Agostinho Lopes | AbrilAbril |
opinião
Com a chegada da pandemia
novamente se lembraram da produção agro-pecuária nacional e de como assegurar
os canais para que esta chegue a casa dos portugueses. Nada de espantar. Foi
assim em 2008, com um movimento especulativo mundial a fazer trepar os preços
dos bens agrícolas. Falaram então da necessidade do país possuir «reservas
estratégicas de alimentos». Foi assim em 2012, com os preços dos cereais a
disparar nos mercados internacionais e a fazer soar as campainhas de alarme. Só
se lembram de Santa Bárbara quando troveja...
Sempre que há desgraças
lembram-se que o país precisa de estar preparado, PREVENIDO para uma questão de
vida ou de morte, ou seja, haver ou não haver alimentos para a sua população,
haver ou não proteína animal e vegetal para produzir a matéria e a energia que
assegura a sustentação da vida humana.
Ora às portas da pandemia os
sinos tocaram mais uma vez a rebate, desta vez os carrilhões de Mafra.

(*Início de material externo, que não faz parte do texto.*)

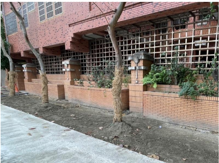
植栽工程-喬木施工保護
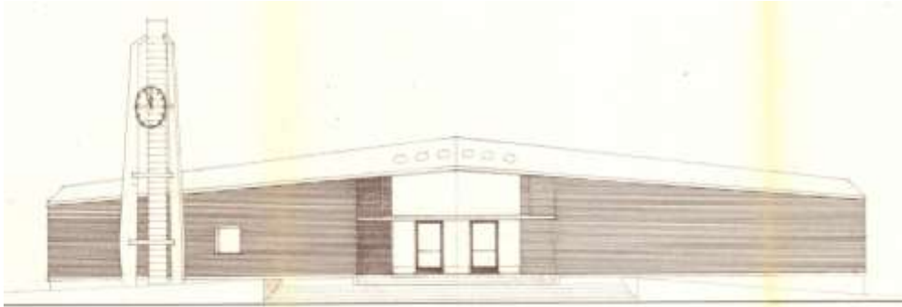
Afbeelding 5: Oorspronkelijk ontwerp stationsgebouw, voorgevel (1956)
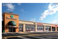
フォレストモール岡谷
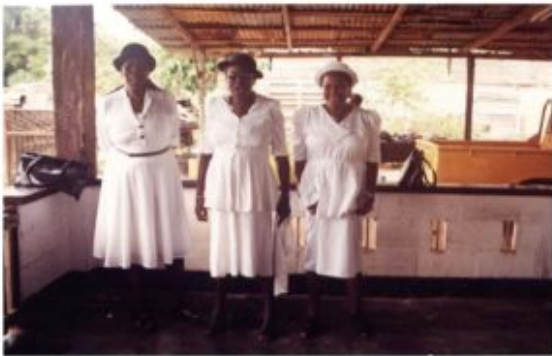
Gereed voor rouwvisite

die soms bijzonder emotioneel kunnen zijn. De bijeenkomst kent uiteenlopende sociale, religieus-spirituele, psychologische en financiële dimensies en verplichtingen. Symbolisch gezien stappen betrokkenen tijdens of door dit samenzijn uit het daglicht ( da dei kaba , de dag is voorbij) het nachtelijk duister in ( da neti kon , de nacht is gekomen), waaraan een van de vele dede oso-singi (letterlijk sterfhuisliederen) refereert. Pas hierna kan (en moet) een nieuwe dag tegemoet getreden worden.

Um documento (importante) do
Ministério da Agricultura fez o balanço das disponibilidades e possíveis
problemas com o abastecimento alimentar do país. Pode ler-se na página 18:
«Segundo o INE (…) nos cereais de outono/inverno, e pelo sétimo ano consecutivo,
a superfície instalada diminuiu, passando para os 106 mil hectares (a menor dos
últimos cem anos), com reduções generalizadas: trigo duro (-15%), triticale1 e
cevada (-10%) e trigo mole e aveia (-5%) (...)». Do centeio, do praganoso das
serranias já nem falam! Cito e sublinho «Grau de Autoaprovisionamento: 4% em
2017/18». Mesmo no milho, onde a situação é melhor, estamos com um grau de
autoaprovisionamento de 24,2%
.
Dito isto, quem será capaz de
dizer que as políticas agrícolas de sucessivos governos PS, PSD e CDS, a
Política Agrícola Comum (PAC) e as sucessivas reformas da PAC, guiadas pelos
interesses agrícolas da França, Alemanha, Holanda e outros, foram acertadas,
adequadas ao país? E outra conclusão se impõe: apesar de todos os avisos, 2008
e 2012, o país não emendou a mão.
Mas dizer o país é atirar a
responsabilidade para cima de todos, e muitos houve que, bem pelo contrário,
avisaram dos riscos dessas políticas, das suas consequências para a Soberania
Alimentar do país.
Não foi por falta de alertas do
PCP e de muita gente, da esquerda à direita, que se prosseguiu essa política
suicida. O PCP tem a consciência tranquila (embora não esteja sossegado). Em
sucessivas intervenções e projectos na Assembleia da República, nomeadamente em
2008 e 2012, em cada reforma da PAC desde 1992, avisou e tudo fez para mudar o
rumo das políticas agrícolas do país. Em cada Programa Eleitoral
sempre inscreveu como questão central e decisiva: «Portugal necessita de
políticas agrícolas e de pescas com o objectivo de abastecer a população com
produtos saudáveis, assegurar níveis de auto-abastecimento e o equilíbrio da
balança agro-alimentar (…)», ou seja a «Soberania e seguranças alimentares».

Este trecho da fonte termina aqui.